Dfam-consortium/RepeatModeler

Could not open *.translation file for reading!

Opened this issue · 4 comments

Describe the issue
When I use RepeatModeler for de novo repeat sequences finding, It said that the program could not open a *.translation file for reading, which was generated in the BuildDatabase step.
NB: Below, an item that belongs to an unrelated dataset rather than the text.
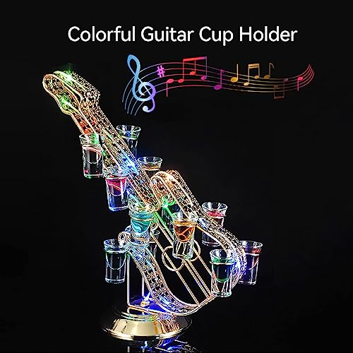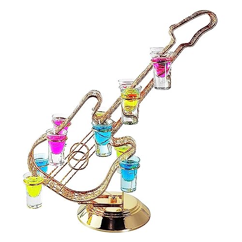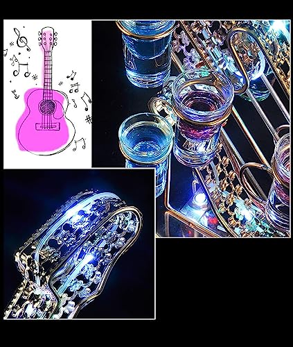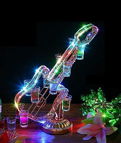 Home Home Bar Furniture LED Neon Champagne Wine Electroplate Metal Cup Holder, Colorful Light, Guitar Shaped Rechargeable Cocktail Shelve, liquor Bottle display rack for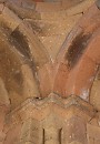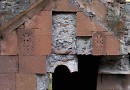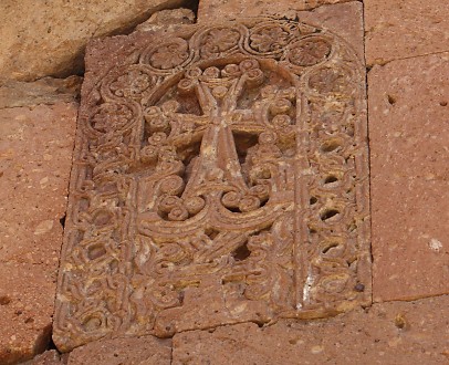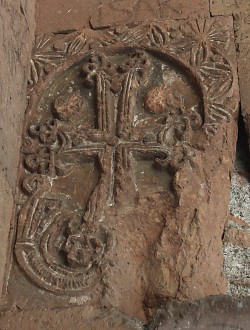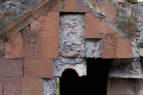 There was originally a window above the entrance, matching the surviving windows in the north, south and east facades. All trace of it has now vanished but the top half of it on the inside survived until at least 2013. There is a small khachkar on the left side of the gable of the west facade. The photograph of Karmirvank in the 2014 WMF report, which was taken in 2013, shows a similar but slightly smaller khachkar at the top right side of the same facade. This khachkar had vanished by 2015. A gap in the facing stones indicates that a large rectangular masonry block was once located vertically under the apex of the gable of the west facade. Visible in the Toramanian photograph, it was a third khachkar, considerably larger than the other two. The surviving khachkar has an arched frame with the arch section containing a scroll of grape vine-like leaves and the sides a fretwork interlace. The now missing slightly smaller khachkar had a very similar design, but with the decoration on the arched frame being a continuous fretwork of interlocking curves. The three khachkars do not appear to be reused gravestones but carved when the church was constructed.

I tried Arabidopsis thaliana genome and got no issues, with TAIR10.1 from NCBI

The genome size of the species I used is about 10Gb and I think maybe this is the problem.

Reproduction steps

the command I used for the discovery is

BuildDatabase -name lka sample.fa
nohup RepeatModeler --threads 30 -database lka &

The genome assembly I used for the program is Larix kaempferi

Log output

RepeatModeler Version 2.0.5
===========================
Using output directory = /mnt/annot/repeatm/RM_40.ThuJul41128262024
Search Engine = rmblast 2.14.1+
Threads = 40
Dependencies: TRF 4.09, RECON 1.08, RepeatScout 1.0.6, RepeatMasker 4.1.6
LTR Structural Analysis: Enabled ( GenomeTools 1.6.4, LTR_Retriever v2.9.0,
                                   Ninja , MAFFT 7.471,
                                   CD-HIT 4.8.1 )
Random Number Seed: 1720092502
Database = lka .
  - Sequences = 4655
  - Bases = 13492429495
  - N50 = 15986365
  - Contig Histogram:
  Size(bp)                                                        Count
  -----------------------------------------------------------------------
  78119697-83699528 |                                                   [ 3 ]
  72539866-78119696 |                                                   [ 1 ]
  66960035-72539865 |                                                   [ 2 ]
  61380204-66960034 |                                                   [ 1 ]
  55800373-61380203 |                                                   [ 6 ]
  50220542-55800372 |                                                   [ 6 ]
  44640711-50220541 |                                                   [ 5 ]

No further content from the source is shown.